The Royal Society’s Referees’ Reports from 1832 to 1949 are now catalogued - all 14,828 of them!

Referees' Reports in the archive store

Drumroll please: I’m happy to report from the archives that the Royal Society’s collection of Referees’ Reports from 1832 to 1949 is now all catalogued and available for reference!

We’ve been working on this project for the last year and believe the materials will be incredibly valuable to researchers. The collection will soon be fully digitised and made available on the Royal Society’s Science in the Making platform, so be sure to keep an eye out.

Referees' Reports in the archive store
A year’s worth of cataloguing – now complete!

In total, 14,828 reports have been catalogued over the course of the year. Cataloguing this huge amount of material has been challenging, but also incredibly fulfilling, and knowing that the reports are now available to the public ensures that all the hard work was entirely worth it. The entries are very informative – as well as stating the author, referee and paper, each catalogue entry provides a brief overview of the contents of the report.

As I approached the last few catalogue entries, I began to wonder what the final paper in the series would contain – something typical, or would I end on a high with a particularly interesting piece of science? Well, the 14,828th and final report to be catalogued was about phosphagens in annelids (high-energy storage compounds in worms, if you’re asking) – not of great interest to me personally, but I’m sure it will float some worm-enthusiast’s boat. As with most of the collection, the paper was recommended for publication, although it was suggested that some minor modifications could be made.

Cataloguing reports from 1832 to 1949 has given me an insight into the scientific worlds that the authors and referees inhabited. From Darwin to Dirac, a whole spectrum of notable scientists have peer-reviewed papers, each offering their own unique takes on the subject at hand. In these reports it is often possible not just to discover their scientific opinion on the paper, but also to see personalities shining through in a way that might not be evident in their own scientific work.

I’ve written about some particularly interesting reports that I uncovered throughout the project in a previous blog post. The context in which the scientists worked is evident in the reports – particularly the First and Second World Wars, where referees were advised to specify parts of papers that ‘may be of value to the enemy’.

Perhaps the best indicator of societal change throughout the Referees’ Reports collection is the emergence of female referees. You may notice that there is a severe lack of female scientists in the collection – this is because women were not elected to Fellowship until 1945. The two elected in this year were Kathleen Lonsdale and Marjory Stephenson, with the first female-written Referees’ Report being submitted by Lonsdale in 1946. 
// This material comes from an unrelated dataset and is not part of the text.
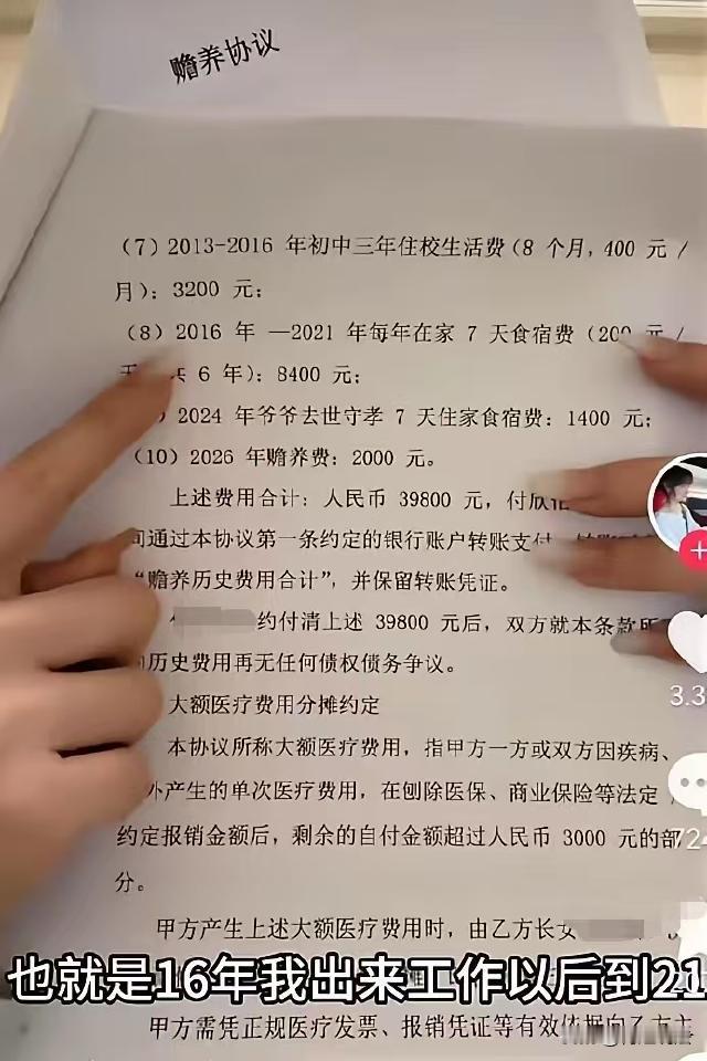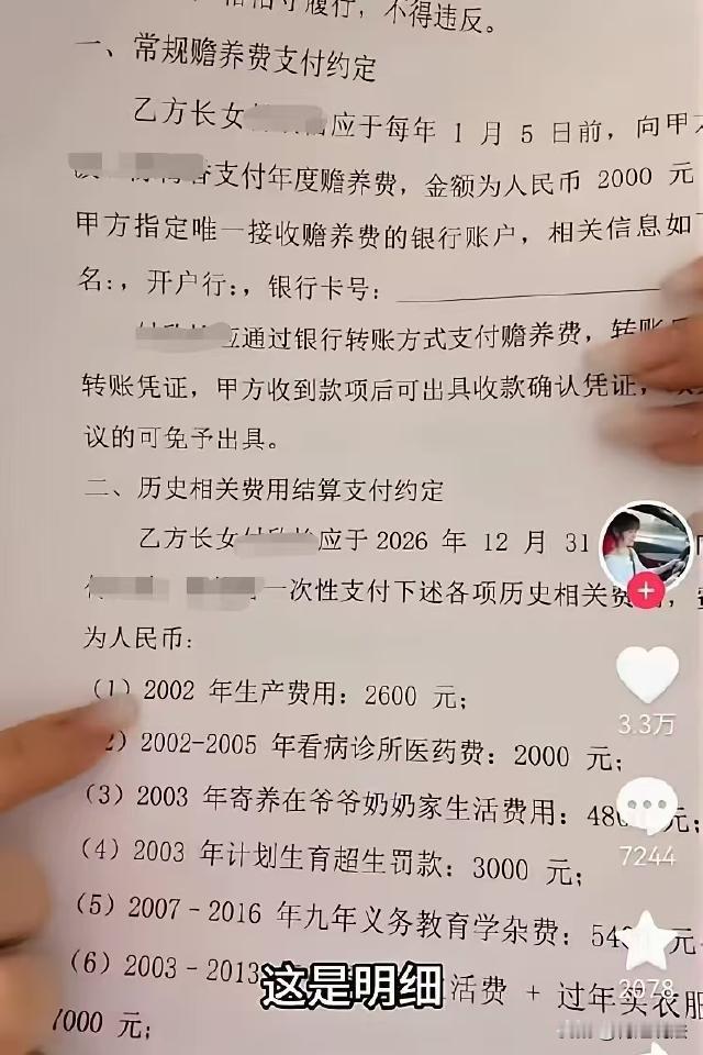 上海,24岁女孩从小就是留守儿童,初中毕业就去上海打工,年前因拒绝替弟弟出20万彩礼,除夕前一天收到父母的起诉书。女孩说,父母给她算的账,从小到大她一共花了他们39800元,包括超生罚款和过年回家每天200块钱的伙食费,以及爷爷离世回家守孝7天,每天200元的伙食费。 2月15日,一个名叫付欣怡的24岁女孩发了一条视频,讲述了发生在她头上的事。 据付欣怡讲,她是家里的老大,父母生了她后还想要个男孩,就这样她的弟弟出生了。 付欣怡从小就是留守儿童,父母把她丢在老家由爷爷奶奶照看,她刚14岁,就离开家出去打工了。 付欣怡慢慢长大了,她意识到了父母不爱她的事实,回家次数越来越少。 但打工期间,包括后来她结婚后,付欣怡也一直没有不管父母,时不时就会给他们一些钱花。 6年前,爷爷奶奶不在了,付欣怡再也没有回家过,包括结婚生孩子,也没告诉过父母,父母也从来没有关心过问过她。 之前,父母突然想起了她这个女儿,还说想看看她的老公和孩子长什么样,付欣怡将老公孩子的照片发给他们看。 可是,付欣怡的的爸妈突然就变脸了,说她弟弟谈了女朋友想结婚,让她替弟弟出20万彩礼。 付欣怡早就意识到了父母的偏心,现在又有了自己的小家,怎么可能愿意给弟弟出彩礼? 她刚一拒绝,父亲就威胁她说,如果她不拿这笔钱,就去起诉她,还要到她的住处贴她和老公孩子的大字报,让她一家都没法做人。 付欣怡又气愤又难过,坚决地告诉父母,别说她没有钱,就算有,她也不会出。 谁知道,除夕前一天,付欣怡接到了传票。 付欣怡的父母列出了一份养育清单,上面写着她2002年出生,生产费2600块钱,看病200块钱,在爷爷奶奶家的生活费4800元,学杂费7000元等等,加起来一共39800元,凑个整算4万。 让人瞠目结舌的是,这些费用里还包括付欣怡辍学后的费用,产生这些费用,是因为她过年期间在家吃住,父母给她按照200元一天计算。 更让人无语的是,付欣怡爷爷离世的时候,付欣怡回家奔丧,父母也给她按照200元一天算了费用。 如果说这些还有一定依据的话,剩下这一项费用的产生就让人更加不能接受了。 原来,父母给付欣怡算的养育清单里,还有一项3000元的超生罚款。 付欣怡是家里的老大,怎么会超生呢?就算超生,也应该是她弟弟产生,根本算不到付欣怡的头上。 付欣怡的父母是这样解释的,她的弟弟不用罚款,付欣怡才是被罚款的那一个。 有人猜测,应该是父母生下付欣怡后,就没有给她上户口,事后补上的,所以才说她是被罚款的那个。 付欣怡非常气愤,如果这样算的话,她出来打工后,一直陆陆续续在给家里钱,前前后后也给了三万多,就算要补父母的养育费,顶多再补个一万来块钱。 但是她的父母说,之前是她主动给的不算,现在要重新给,不仅要重新给,还要补5倍,算下来就是20万。 付欣怡的父母要求付欣怡给弟弟出彩礼,还主张付欣怡5倍返还养育费,是否有法律依据?付欣怡是否需要归还? 首先,付欣怡的父母让她出弟弟的彩礼,没有任何法律依据。 在法律层面,没有任何法律规定,姐姐对弟弟的婚姻有资助义务。 婚姻是弟弟与他伴侣之间的事,彩礼的承担主体通常是男方家庭,姐姐并没有法定责任去为弟弟的彩礼买单。 付欣怡有自己的生活和家庭,是否给予帮助属于道德层面的自愿行为,而非法律强制要求。 其次,父母让付欣怡归还养育费用,这在法律上也站不住脚。 《民法典》规定,父母有抚养、教育和保护未成年子女的权利和义务。 父母虽对付欣怡的抚养是履行法定义务,不存在让子女偿还的说法,他们列出的养育清单中,很多费用计算也不合理。 比如过年在家吃住按200元一天算,爷爷离世回家奔丧也计费,还有将超生罚款算到付欣怡头上,这些都缺乏法律依据。 有人说,这些费用就算不合法,万一付欣怡的父母要求她给赡养费,付欣怡不还是一样要出钱吗? 子女有赡养父母的义务,但是这个义务并非无限制的。 一般情况下,父母向子女主张赡养费,需要同时满足两个条件,一是父母缺乏劳动能力或者生活困难,二是子女不履行赡养义务。 所以,即便付欣怡的父母让她付赡养费,只要他们还有劳动能力,没有生活困难,付欣怡就可以拒绝。

Referee's Report by Kathleen Lonsdale on a paper by Kun Huang
The first instance of a female referee – Kathleen Lonsdale reporting on a paper by Kun Huang (RR/69/174)

The practice of peer review within the Royal Society continues to this day and informs the papers that you read in our range of current journals. Although our project has focused on early examples of scientific peer review, the principles remain current in all academic publishing.

The next phase of the Science in the Making project is the cataloguing of early letters and papers that were sent to the Royal Society from the early eighteenth to the early nineteenth centuries. I’m sure these will prove just as interesting as Referees’ Reports, and I can’t wait to get started!